Import all agents from an entire directory:

repository: talkcody/agents
path: agents/

Import a single agent file:

repository: talkcody/agents
path: agents/coding/coder.md

Imported agents will have dynamic prompt feature enabled by default, fetching context information from the current project's agents.md file.

Install from Remote Agent List

TalkCody provides an agent marketplace that gathers various specialized agents contributed by the community.
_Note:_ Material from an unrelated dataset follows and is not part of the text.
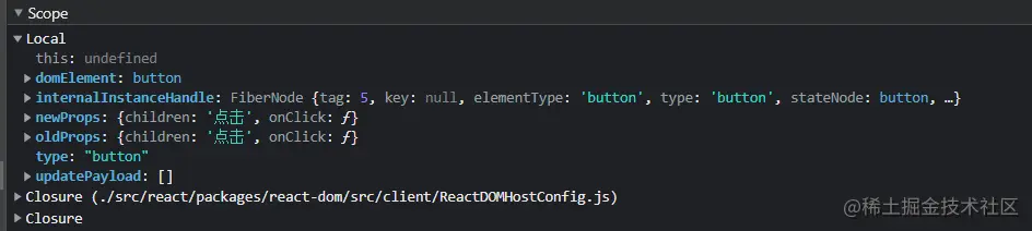 获取当前 HostComponent 节点的实例 instance, 即对应的真实 DOM 元素是否存在, 如果存在获取当前节点的新属性 newProps 和旧属性 oldProps。
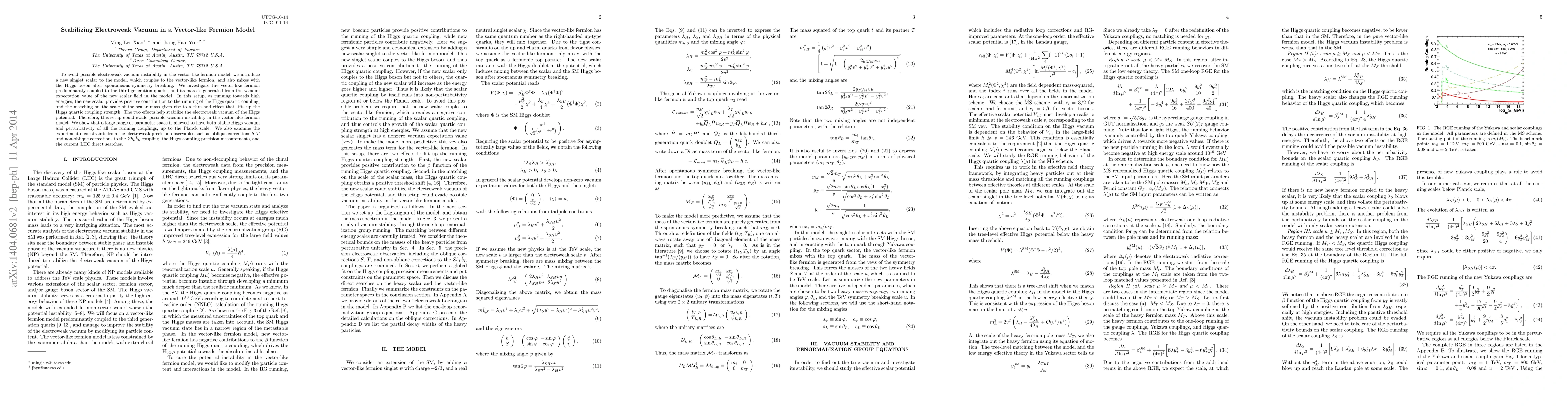 This paper proposes a vector-like fermion model with a new singlet scalar to stabilize the electroweak vacuum, showing that the new scalar's coupling and mixing effects can prevent vacuum instability and maintain perturbativity up to the Planck scale, while also complying with experimental constraints from precision observables and LHC searches.

You can install agents with one click to quickly expand your agent library.

Browse Agent List

Open Agent Marketplace

  1. Open TalkCody
  2. Click on the Agents tab in the sidebar
  3. Switch to the Remote Agents tab

Search and Filter

Search Function

  • Enter keywords in the search box
  • Supports searching by name, description, and agent ID

Category Filter

  • Use the category dropdown to filter specific types of agents
  • Categories include: Programming, Testing, Documentation, Security, Analysis, etc.

Refresh List

  • Click the refresh button to get the latest agent list

Install Agent

  1. On the agent detail page or card, click the Install button
  2. Wait for installation to complete
  3. After successful installation:
    • The agent is automatically added to the My Agents list
    • You can start using it immediately
    • You can edit the configuration to customize its behavior

Installed agents are exactly the same as agents you create yourself - you can freely edit, copy, or delete them.